● Data for this exercise:
***

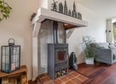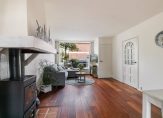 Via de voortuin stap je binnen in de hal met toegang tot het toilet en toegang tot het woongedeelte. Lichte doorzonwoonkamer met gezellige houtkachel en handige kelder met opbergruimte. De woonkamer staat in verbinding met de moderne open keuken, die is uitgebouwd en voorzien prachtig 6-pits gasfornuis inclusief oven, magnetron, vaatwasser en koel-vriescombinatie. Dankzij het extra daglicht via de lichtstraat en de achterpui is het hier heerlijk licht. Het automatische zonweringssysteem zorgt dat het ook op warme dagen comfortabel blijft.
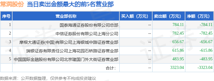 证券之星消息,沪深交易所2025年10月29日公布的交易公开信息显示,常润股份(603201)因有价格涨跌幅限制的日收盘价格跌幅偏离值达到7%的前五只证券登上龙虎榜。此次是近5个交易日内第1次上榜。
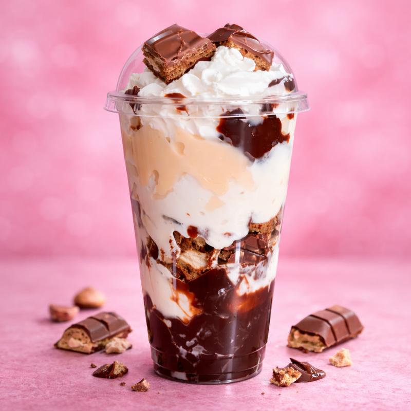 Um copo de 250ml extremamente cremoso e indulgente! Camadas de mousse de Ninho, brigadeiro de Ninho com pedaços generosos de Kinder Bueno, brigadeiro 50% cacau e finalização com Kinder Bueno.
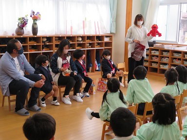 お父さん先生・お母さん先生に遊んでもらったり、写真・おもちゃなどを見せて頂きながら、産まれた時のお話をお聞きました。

***

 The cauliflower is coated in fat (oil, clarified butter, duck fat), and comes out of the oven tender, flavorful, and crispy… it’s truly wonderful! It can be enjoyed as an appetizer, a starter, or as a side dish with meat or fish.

***

● What to work on: From the data above, retype only the lines starting with the line with "证券之星消息,沪深交易所20" and going on through the line with "お父さん先生・お母さん先生に", exactly, leaving out the pictures.

● Reply to the exercise:
 证券之星消息,沪深交易所2025年10月29日公布的交易公开信息显示,常润股份(603201)因有价格涨跌幅限制的日收盘价格跌幅偏离值达到7%的前五只证券登上龙虎榜。此次是近5个交易日内第1次上榜。
 Um copo de 250ml extremamente cremoso e indulgente! Camadas de mousse de Ninho, brigadeiro de Ninho com pedaços generosos de Kinder Bueno, brigadeiro 50% cacau e finalização com Kinder Bueno.
 お父さん先生・お母さん先生に遊んでもらったり、写真・おもちゃなどを見せて頂きながら、産まれた時のお話をお聞きました。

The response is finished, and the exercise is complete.